More on AOT and JIT optimizations (in the case of .NET):
Different JIT compilers have different levels of sophistication, being able to dynamically profile code at runtime or otherwise, and the range of applied optimizations of this type may also vary significantly.
Then, AOT imposes a different restrictions in the form of what types of modularity the language/runtime wants to support (Swift ABI vs no AOT ABI in .NET NativeAOT or GraalVM Native Image), what kind of operations modifying type system are allowed, if any, and how the binary is produced.
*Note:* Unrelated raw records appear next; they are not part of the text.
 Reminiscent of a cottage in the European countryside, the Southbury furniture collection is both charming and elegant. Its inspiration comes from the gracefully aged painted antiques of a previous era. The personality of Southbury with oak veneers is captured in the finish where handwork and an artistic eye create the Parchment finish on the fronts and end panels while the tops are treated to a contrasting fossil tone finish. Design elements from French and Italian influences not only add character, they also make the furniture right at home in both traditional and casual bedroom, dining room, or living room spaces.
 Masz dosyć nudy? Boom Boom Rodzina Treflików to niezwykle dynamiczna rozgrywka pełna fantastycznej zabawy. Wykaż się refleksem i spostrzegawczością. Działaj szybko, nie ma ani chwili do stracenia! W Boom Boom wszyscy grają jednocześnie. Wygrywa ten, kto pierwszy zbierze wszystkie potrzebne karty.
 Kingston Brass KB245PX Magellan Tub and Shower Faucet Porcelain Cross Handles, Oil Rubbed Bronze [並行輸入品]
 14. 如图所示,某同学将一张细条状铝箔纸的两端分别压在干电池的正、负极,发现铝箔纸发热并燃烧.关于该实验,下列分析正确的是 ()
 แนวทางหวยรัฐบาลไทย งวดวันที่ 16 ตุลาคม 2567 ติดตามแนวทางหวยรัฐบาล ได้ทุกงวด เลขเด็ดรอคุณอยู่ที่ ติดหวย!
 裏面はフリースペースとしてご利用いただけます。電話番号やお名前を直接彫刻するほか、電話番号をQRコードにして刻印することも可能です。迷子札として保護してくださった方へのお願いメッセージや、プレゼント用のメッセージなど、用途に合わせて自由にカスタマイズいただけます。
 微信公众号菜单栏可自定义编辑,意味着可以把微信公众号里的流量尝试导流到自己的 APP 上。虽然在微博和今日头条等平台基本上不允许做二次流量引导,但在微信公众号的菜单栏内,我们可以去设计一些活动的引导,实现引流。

In more trivial implementations, where JIT does not perform any dynamic recompilation and profile based optimizations, the difference might come down to simply pre-JITing the code, with the same quality of codegen. Or the JIT may be sophisticated by AOT mode might still be a plain pre-JIT which makes dynamic profiling optimizations off-limits (which was historically the case for .NET's ReadyToRun and partially NGEN, IIRC JVM situation was similar up until GrallVM Native Image).
In more advanced implementations, there are many concerns which might be at odds with each other: JIT compilers have to maintain high throughput in order to be productive but may be able to instrument intermediate compilations to gather profile data, AOT compilers, in the absence of static profile data (the general case), have to make a lot more assumptions about the code, but can reason about compiled code statically, assuming such compilation comes with "frozen world" type of packaging (rather than delegating dynamic parts to emulation with interpreter).
And then there are smaller details - JIT may not be able to ever emit pure direct calls for user code where a jump is performed to an immediate encoded in the machine code, because JIT may have to retain the ability to patch and backpatch the callsites, should it need to de/reoptimize. Instead, the function addresses may be stored in the memory, and those locations are encoded instead where calls are emitted in the form of dereference of a function pointer from a static address and then a jump to it.
JIT may also be able to embed the values of static readonly fields as JIT constants in codegen, which .NET does aggressively, but is unable to pre-initialize such values by interpreting static initialization at compile time in such an aggressive way that AOT can (constexpr style).
So in general, a lot of it comes down to offering a different performance profile. A lot of the beliefs in AOT performance stem from the fact lower-level languages rely on it, and the compilers offering it are very advanced (GCC and Clang mainly), which can expend very long compilation times on hundreds of optimization passes JIT compilers cannot. But otherwise, JIT compilers can and do compete, just a lot of modern day advanced implementations are held back by the code that they are used for, in particular in Java land where OpenJDK is really, really good, but happens to be hampered by being targeted by Java and JVM bytecode abstraction, which is not as much of a limitation in C# that can trade blows with C++ and Rust quite confidently the moment the abstraction types match (when all use templates/struct generics for example).
More on AOT and JIT optimizations (in the case of .NET):
- https://devblogs.microsoft.com/dotnet/performance-improvemen...
- https://migeel.sk/blog/2023/11/22/top-3-whole-program-optimi...
If someone has similar authoritative content on what GraalVM Native Image does - please post it.